Db2 Big SQL complex data types and JSON data
Db2® Big SQL supports complex types, such as array-of-rows and map-of-rows, and you can use these complex data types with JSON data.
JSON data can contain nested data in both array-of-rows and map-of-rows contexts. For
example:
Array-of-Rows:
"my_friends":
[
{"id":1,"name":"Michael Strong","gender":"male"},
{"id":2,"name":"John Smith","gender":"male"},
{"id":3,"name":"Pat Brown","gender":"female"}
]
Map-of-Rows:
"my_users":{
"user1":{"id":1,"firstname":"Michael ","surname":"Strong","age":48},
"user2":{"id":2,"firstname":"John ","surname":"Smith","age":72},
"user3":{"id":3,"firstname":"Pat ","surname":"Brown","age":71}
}
When you use a JSON SerDe to work with JSON data, the table field names must match the JSON field names, and it's important that you be familiar with the structure and layout of the data being used for the table, because the column types and names determine the table that must be created.

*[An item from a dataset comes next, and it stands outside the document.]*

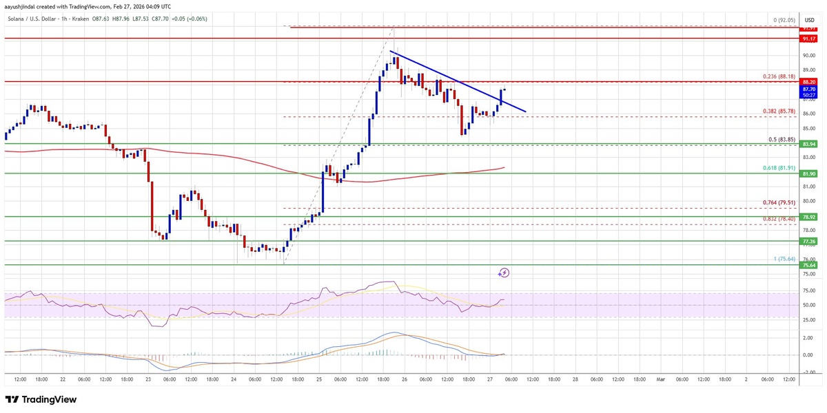 Цена: выше $85 📈 Solana стабилизируется выше отметки $85 после прорыва уровня $82, демонстрируя уверенный рост на фоне позитивной динамики Bitcoin и Ethereum. Прорыв выше медвежьей линии тренда на $87 на часовом графике SOL/USD указывает на дальнейший потенциал роста. Сейчас консолидация происходит выше $85, и цена нацелена на преодоление ключевых уровней сопротивления. 📊 Ключевые моменты: - Пробой линии сопротивления на $87. - Текущая торговля выше $85 и 100-часовой простой скользящей средней. - Уровни сопротивления: $88, $92, основной $95, далее $100 и $106. - Уровни поддержки: $85.50, $84 (50% Фибоначчи), $82, $78. - MACD и RSI указывают на бычий тренд. ⚠️ Риски: Неспособность пробить $88 может привести к коррекции. Горизонт: краткосрочный

The following example shows you how to use Db2 Big SQL complex data types with JSON data. The example is based on the following table:
CREATE EXTERNAL HADOOP TABLE cdtj
(
id BIGINT,
this_user ROW (
id INT,
name VARCHAR(20),
screen_name VARCHAR(100)
),
myvalues DECIMAL(10,3) array[3],
available MAP<VARCHAR(10), BOOLEAN>,
my_friends ROW (
id BIGINT,
name VARCHAR(20),
gender VARCHAR(6)
) array[3],
my_users MAP<VARCHAR(10), STRUCT<id : BIGINT, firstname :
VARCHAR(10), surname : VARCHAR(10), age : INT > >
)
ROW FORMAT SERDE 'org.apache.hive.hcatalog.data.JsonSerDe'
LOCATION '/tmp/myjsondata';
Copy your data files to the appropriate location in the HDFS. In this example, the JSON data
files are copied to /tmp/myjsondata. The following snippet shows some example
data.
Important: Because
JSON data is typically used with the TEXTFILE format, this snippet represents a single row of data
that must be formatted as a single line of
text.
The following snippet shows the
same example data formatted for readability:{"id":1,"this_user":{"id":1,"name":"Steve Mike","screen_name":"smk22"}, "myvalues":1248347.424,3774492.115,7029108.14],"available":{"Michael":true,"John":false,"Pat":false},"my_friends":[{"id":11,"name":"Michael Strong","gender":"male"},{"id":2,"name":"John Smith","gender":"male"},{"id":3,"name":"Pat Brown","gender":"female"}],"my_users":{"user1":{"id":100,"firstname":"Peter","surname":"Jones","age":20},"user2":"id":200,"firstname":"Jess","surname":"Carre","age":29},"user3":{"id":300,"firstname":"Tom","surname":"Mitch","age":32}}}
{"id":1,"this_user":
{"id":1,"name":"Steve Mike","screen_name":"smk22"},
"myvalues":[1248347.424,3774492.115,7029108.14],
"available":{"Michael":true,"John":false,"Pat":false},
"my_friends":[
{"id":11,"name":"Michael Strong","gender":"male"},
{"id":2,"name":"John Smith","gender":"male"},
{"id":3,"name":"Pat Brown","gender":"female"}],
"my_users":{
"user1":{"id":100,"firstname":"Peter","surname":"Jones","age":20},
"user2":{"id":200,"firstname":"Jess","surname":"Carre","age":29},
"user3":{"id":300,"firstname":"Tom","surname":"Mitch","age":32}}}
Use a SELECT statement to query both simple and complex data. For
example:
SELECT id, this_user.name, myvalues[1],available['Pat'],
my_friends[1].id,my_users['user1'].id
FROM cdtj
The output might look like the following
example:
ID 2 3 4 5 6
-------------------- -------------------- ------------ ------ -------------------- --------------------
1 Steve Mike 1248347.424 0 11 100
1 record(s) selected.